Nobody should have to work multiple jobs just to survive. Nobody should be forced into poverty to reward the shareholders of a corporation. The true costs of labor are externalized, when employers don't provide a living wage.
Worker productivity has risen, inflation has risen, the minimum wage has not. Minimum wage should be reclassified as a living wage, with no sub-minimum wages. Federal minimum wage needs to be $26 now, and codified to always increase with inflation and productivity.
The housing crisis is a systemic problem.
While we absolutely need to build much more housing, the crisis will not be solved by additional construction alone. We need to address the treatment of housing as an investment vehicle, as opposed to a right.
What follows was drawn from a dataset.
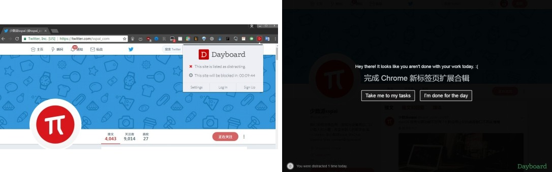 其中有意思的就是 Blocked Sites 禁止访问功能,用户可以自行添加禁止网站列表,如果 Dayboard 中有未完成的任务清单,禁止网站每天仅有默认 10 分钟的浏览时间,直至任务完成。

While we need more housing construction, including public housing, we must also eliminate institutional ownership of housing.
Particularly prescient in San Francisco, we need to ban or extraordinarily tax the process of "flipping" houses. In an already extraordinarily expensive city, we see a dearth of starter homes available, because home values here are based on investment potential and not intrinsic value. Homes where a family could move in, renovate over time, and make it their own, are instead snatched up at absurd valuations, renovated, and relisted for even higher prices. The short timelines place additional strain on already limited construction resources, driving construction and trade costs even higher.
Further, we need to address the declining availability of rent controlled housing. One way to do this is to redefine the clock on rent control as rather than being tied to a fixed date, to rather be contingent on a fixed amount of time from the initial occupancy (ie after 15 years, the property is rent controlled).
The best cities are ones that are accessible to everyone by public transit.
You know what I love about getting around San Francisco? I can take Muni, Bart, or bike just about anywhere. But Muni and Bart are struggling, facing extra challenges from federal budget cuts, allocated funds being withheld, and a lack of prioritization for public transit construction projects.
I would work not only to restore federal matching dollars for our transit infrastructure projects, I would advocate to reallocate highway funding to transit programs.
What biking infrastructure we have, and it is truly insufficient, fails to effectively protect cyclists, and is poorly maintained. I would partner with organizations like the California Bicycle Coalition, to help our city redesign our roads to be safe for cyclists, pedestrians, and vehicles.